Grafana+Prometheus 搭建 JuiceFS 視覺化監控系統

阿新 • • 發佈：2022-05-25

作為承載海量資料儲存的分散式檔案系統，使用者通常需要直觀地瞭解整個系統的容量、檔案數量、CPU 負載、磁碟 IO、快取等指標的變化。

JuiceFS 沒有重複造輪子，而是通過 Prometheus 相容的 API 對外提供實時的狀態資料，只需將其新增到使用者自建的 Prometheus Server 建立時序資料，然後通過 Grafana 等工具即可輕鬆實現 JucieFS 檔案系統的視覺化監控。

快速上手

這裡假設你搭建的 Prometheus Server、Grafana 與 JuiceFS 客戶端都執行在相同的主機上。其中：

Prometheus Server：用於收集並儲存各種指標的時序資料，安裝方法請參考

官方文件。
Grafana：用於從 Prometheus 讀取並可視化展現時序資料，安裝方法請參考官方文件。

Ⅰ. 獲得實時資料

JuiceFS 通過 Prometheus 型別的 API 對外提供資料。
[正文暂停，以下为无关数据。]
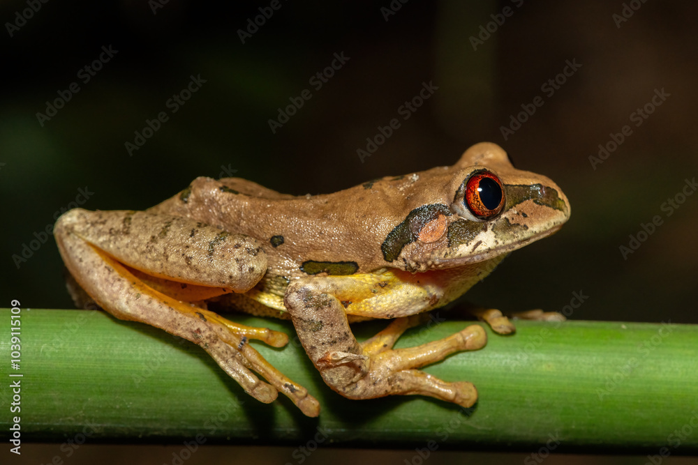 A beautiful Natal Forest Tree Frog (Leptopelis natalensis) near a pond in the wild

檔案系統掛載後，預設可以通過 http://localhost:9567/metrics 地址獲得客戶端輸出的實時監控資料。

Ⅱ. 新增 API 到 Prometheus Server

編輯 Prometheus 的配置檔案，新增一個新 job 並指向 JuiceFS 的 API 地址，例如：

global:
  scrape_interval: 15s
  evaluation_interval: 15s

alerting:
  alertmanagers:
    - static_configs:
        - targets:
          # - alertmanager:9093

rule_files:
  # - "first_rules.yml"
  # - "second_rules.yml"

scrape_configs:
  - job_name: "prometheus"
    static_configs:
      - targets: ["localhost:9090"]

  - job_name: "juicefs" 
    static_configs:      - targets: ["localhost:9567"]

假設配置檔名為 prometheus.yml，載入該配置啟動服務：

./prometheus --config.file=prometheus.yml

訪問 http://localhost:9090 即可看到 Prometheus 的介面。
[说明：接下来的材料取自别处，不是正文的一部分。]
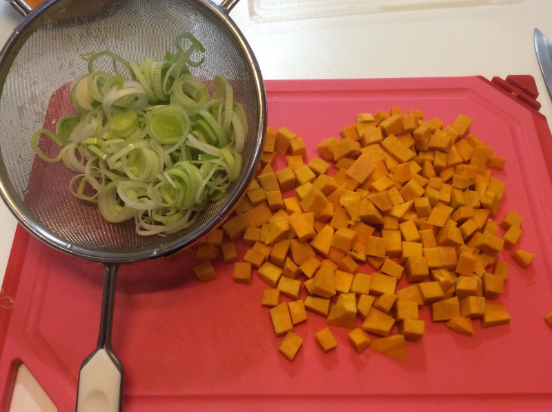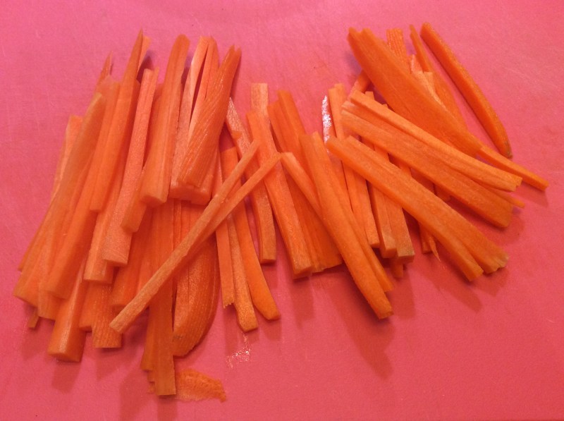 Per prima cosa preparo tutte le verdure lavate e pelate, inizio con la carota che taglio a pezzi poi a fette e a bastoncini sottili

Ⅲ. 通過 Grafana 展現 Prometheus 的資料

如下圖所示，新建 Data Source：

Name: 為了便於識別，可以填寫檔案系統的名稱。
URL: Prometheus 的資料介面，預設為 http://localhost:9090

然後，使用 grafana_template.json 建立一個儀表盤。進入新建的儀表盤即可看到檔案系統的視覺化圖表了：

收集監控指標

根據部署 JuiceFS 的方式不同可以有不同的收集監控指標的方法，下面分別介紹。

掛載點

當通過 juicefs mount 命令掛載 JuiceFS 檔案系統後，可以通過 http://localhost:9567/metrics 這個地址收集監控指標，你也可以通過 --metrics 選項自定義。如：

$ juicefs mount --metrics localhost:9567 ...

你可以使用命令列工具檢視這些監控指標：

$ curl http://localhost:9567/metrics

除此之外，每個 JuiceFS 檔案系統的根目錄還有一個叫做 .stats 的隱藏檔案，通過這個檔案也可以檢視監控指標。例如（這裡假設掛載點的路徑是 /jfs）：

$ cat /jfs/.stats

Kubernetes

JuiceFS CSI 驅動預設會在 mount pod 的 9567 埠提供監控指標，也可以通過在 mountOptions 中新增 metrics 選項自定義（關於如何修改 mountOptions 請參考 CSI 驅動文件），如：

apiVersion: v1
kind: PersistentVolume
metadata:
  name: juicefs-pv
  labels:
    juicefs-name: ten-pb-fs
spec:
  ...
  mountOptions:
    - metrics=0.0.0.0:9567

新增一個抓取任務到 prometheus.yml 來收集監控指標：

scrape_configs:
  - job_name: 'juicefs'
    kubernetes_sd_configs:
    - role: pod
    relabel_configs:
    - source_labels: [__meta_kubernetes_pod_label_app_kubernetes_io_name]
      action: keep
      regex: juicefs-mount
    - source_labels: [__address__]
      action: replace
      regex: ([^:]+)(:\d+)?
      replacement: $1:9567
      target_label: __address__
    - source_labels: [__meta_kubernetes_pod_node_name]
      target_label: node
      action: replace

這裡假設 Prometheus 服務執行在 Kubernetes 叢集中，如果你的 Prometheus 服務執行在 Kubernetes 叢集之外，請確保 Prometheus 服務可以訪問 Kubernetes 節點，請參考這個 issue 新增 api_server 和 tls_config 配置到以上檔案：

scrape_configs:
  - job_name: 'juicefs'
    kubernetes_sd_configs:
    - api_server: <Kubernetes API Server>
      role: pod
      tls_config:
        ca_file: <...>
        cert_file: <...>
        key_file: <...>
        insecure_skip_verify: false
    relabel_configs:
    ...

S3 閘道器

JuiceFS S3 閘道器預設會在 http://localhost:9567/metrics 這個地址提供監控指標，你也可以通過 --metrics 選項自定義。如：

$ juicefs gateway --metrics localhost:9567 ...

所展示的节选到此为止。